中止の可能性

広い河川敷が見えると、気球は2機ぐらいしか膨らんでいない。ワンボックスカーが、番号の書かれたスペースにポツリポツリ停まっている。どうやら気球はその中に、まだ畳んでしまってあるようだ。

会場にはずっとアナウンスと解説が流れていて、それをよーく聞いていると、どうやら午後の大会は、風のため中止になったようだ。

わずか風速4メートル以上で中止だそう。昨日も一昨日も、午後は中止だったらしい。ボクと反対に、駅に向かっている人も多く、帰るようだ。今日はもう、見物を諦めたということだろうか。想像するしかない。不安になるが、頼れるものがない。

だが長大な土手の斜面に着くと、大群衆がシートを敷いて腰をおろしている。すごい。何万人いるだろう。こんな広範囲の群衆を生で見たことがないかもしれない。これは確かに大イベントだ。なぜこんなイベントが東京で知られていないのか。

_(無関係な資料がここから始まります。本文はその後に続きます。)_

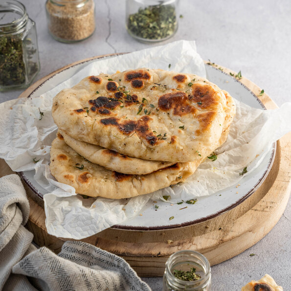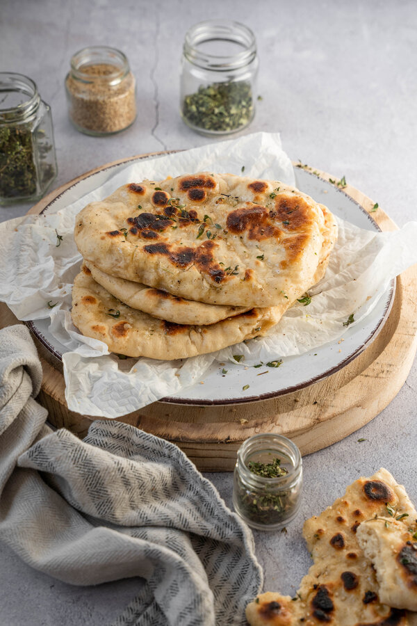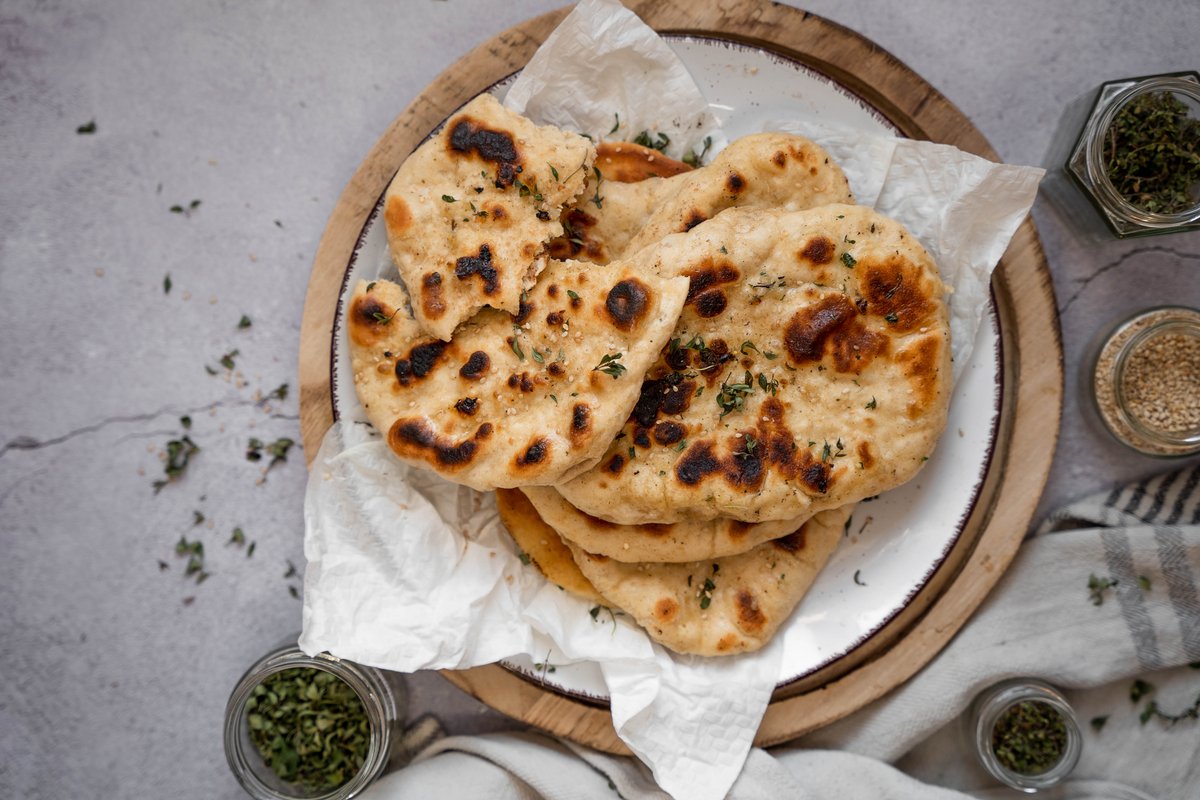 Den Namen hat das indische Brot ursprünglich aus dem persischen – „naan“ bedeutet schlicht und ergreifend Brot. Wenn wir also von Naan Brot sprechen, sagen wir eigentlich Brot Brot. Es nicht nur in Indien verbreitet, sondern erfreut sich auch in Persien, Pakistan, Afghanistan und im Iran großer Beliebtheit. Meist wird es als Beilage zu anderen warmen Speisen wie Curry gegessen. Es dient auch als Besteckersatz – mit dem Brot wird Soße „aufgeschaufelt“ oder die Reste fein säuberlich vom Teller gewischt. Naan wird traditionell mit Joghurt angesäuert. Viele indische Brote sind dünne und flache Fladenbrote, Naan aber wird mit Hefe aufgelockert und bekommt eine etwas dickere Form. Das traditionelle Brot wird an die Wände des Ofens geklebt und auf dem heißen Stein durchgebacken.

このあと日が暮れてから、夜間係留イベント「ラ・モンゴルフィエ・ノクチューン」が予定されている。ロックバンドの生演奏に合わせ、地上で膨らませたバルーン群を一斉にバーナーでライトアップさせるらしい。

大変美しいと佐賀の人から聞いている。それを見ようという大観衆は残っているのだろうか。わからないがやるなら見たい。

ところが、バルーンの夜間係留も風が強かったら中止で、バーナーの炎だけのイベントになるかもしれません、とアナウンスが言っている。

バーナーの炎だけのイベント? えー、気球が膨らまないなら、そんなの見ないで宿に帰りたい。と思った。明日最終日の朝、もう一度チャンスはある。

その時点で、やるかやらないかわからない夜間係留イベントまでに、2時間以上あった。